- _DATA FOR THIS EXERCISE_
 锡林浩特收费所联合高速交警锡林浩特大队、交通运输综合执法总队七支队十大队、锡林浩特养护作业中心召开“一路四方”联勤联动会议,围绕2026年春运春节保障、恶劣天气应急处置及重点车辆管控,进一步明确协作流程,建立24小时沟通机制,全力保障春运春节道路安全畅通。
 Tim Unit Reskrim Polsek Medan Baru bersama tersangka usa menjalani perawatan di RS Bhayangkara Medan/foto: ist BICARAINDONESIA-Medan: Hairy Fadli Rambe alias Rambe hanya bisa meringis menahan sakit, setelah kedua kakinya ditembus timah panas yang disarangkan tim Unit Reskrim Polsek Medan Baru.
...
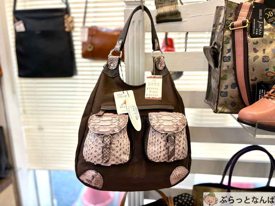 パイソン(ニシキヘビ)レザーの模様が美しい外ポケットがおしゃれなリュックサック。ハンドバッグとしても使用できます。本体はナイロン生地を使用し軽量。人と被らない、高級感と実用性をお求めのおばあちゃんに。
...
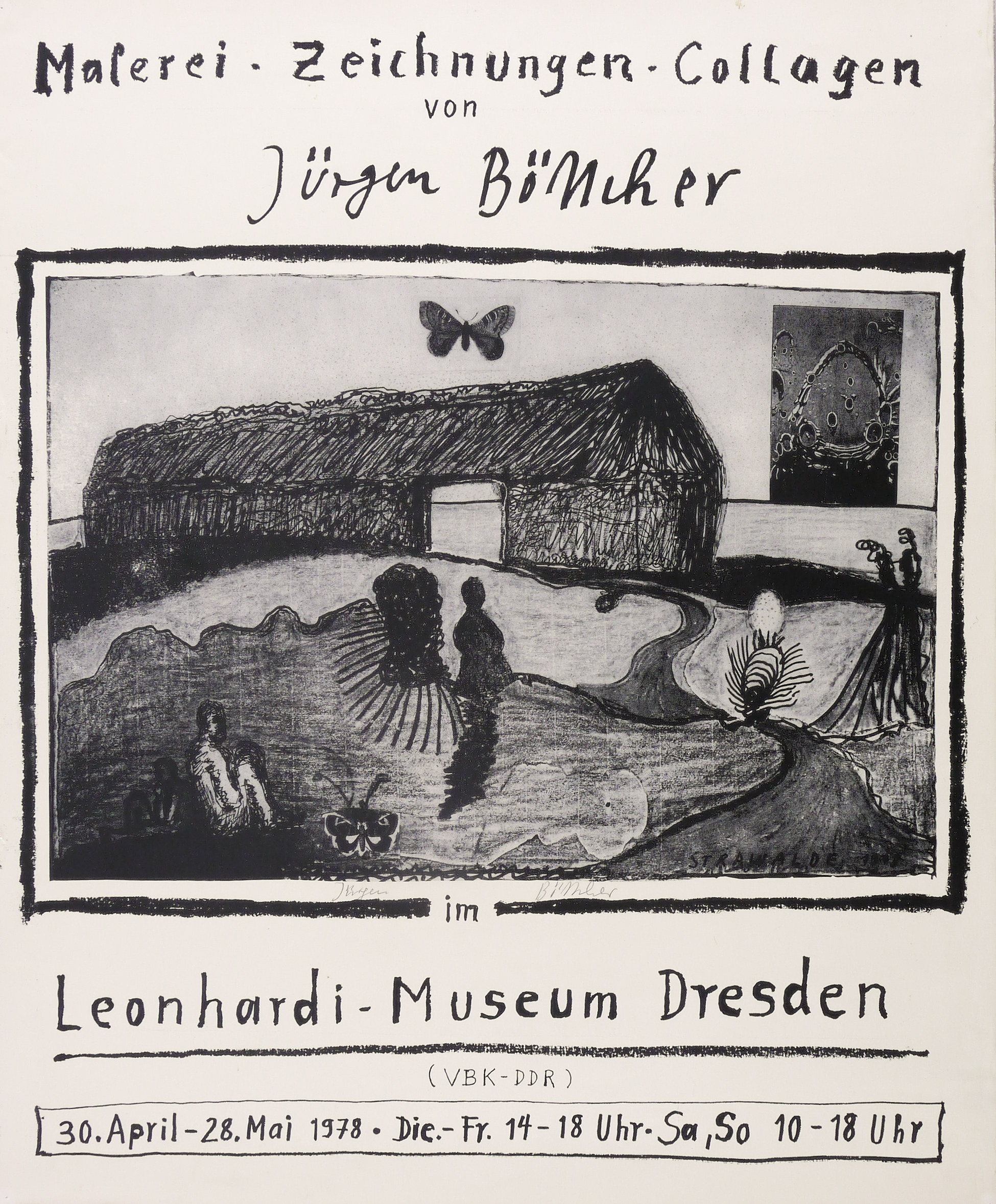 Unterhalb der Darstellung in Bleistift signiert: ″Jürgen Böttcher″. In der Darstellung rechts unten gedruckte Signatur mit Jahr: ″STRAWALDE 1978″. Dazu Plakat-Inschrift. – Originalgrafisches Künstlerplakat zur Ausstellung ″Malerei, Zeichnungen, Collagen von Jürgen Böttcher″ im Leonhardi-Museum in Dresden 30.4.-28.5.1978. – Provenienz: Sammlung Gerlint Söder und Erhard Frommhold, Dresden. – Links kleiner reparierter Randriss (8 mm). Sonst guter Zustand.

- _TASK GOAL_
Everything above from the line containing "锡林浩特收费所联合高速交警锡" through the line containing "Tim Unit Reskrim Polsek Medan Baru bersama" must be copied exactly. Nothing outside that range belongs in the answer.

- _ANSWER BELOW_
 锡林浩特收费所联合高速交警锡林浩特大队、交通运输综合执法总队七支队十大队、锡林浩特养护作业中心召开“一路四方”联勤联动会议,围绕2026年春运春节保障、恶劣天气应急处置及重点车辆管控,进一步明确协作流程,建立24小时沟通机制,全力保障春运春节道路安全畅通。
 Tim Unit Reskrim Polsek Medan Baru bersama tersangka usa menjalani perawatan di RS Bhayangkara Medan/foto: ist BICARAINDONESIA-Medan: Hairy Fadli Rambe alias Rambe hanya bisa meringis menahan sakit, setelah kedua kakinya ditembus timah panas yang disarangkan tim Unit Reskrim Polsek Medan Baru.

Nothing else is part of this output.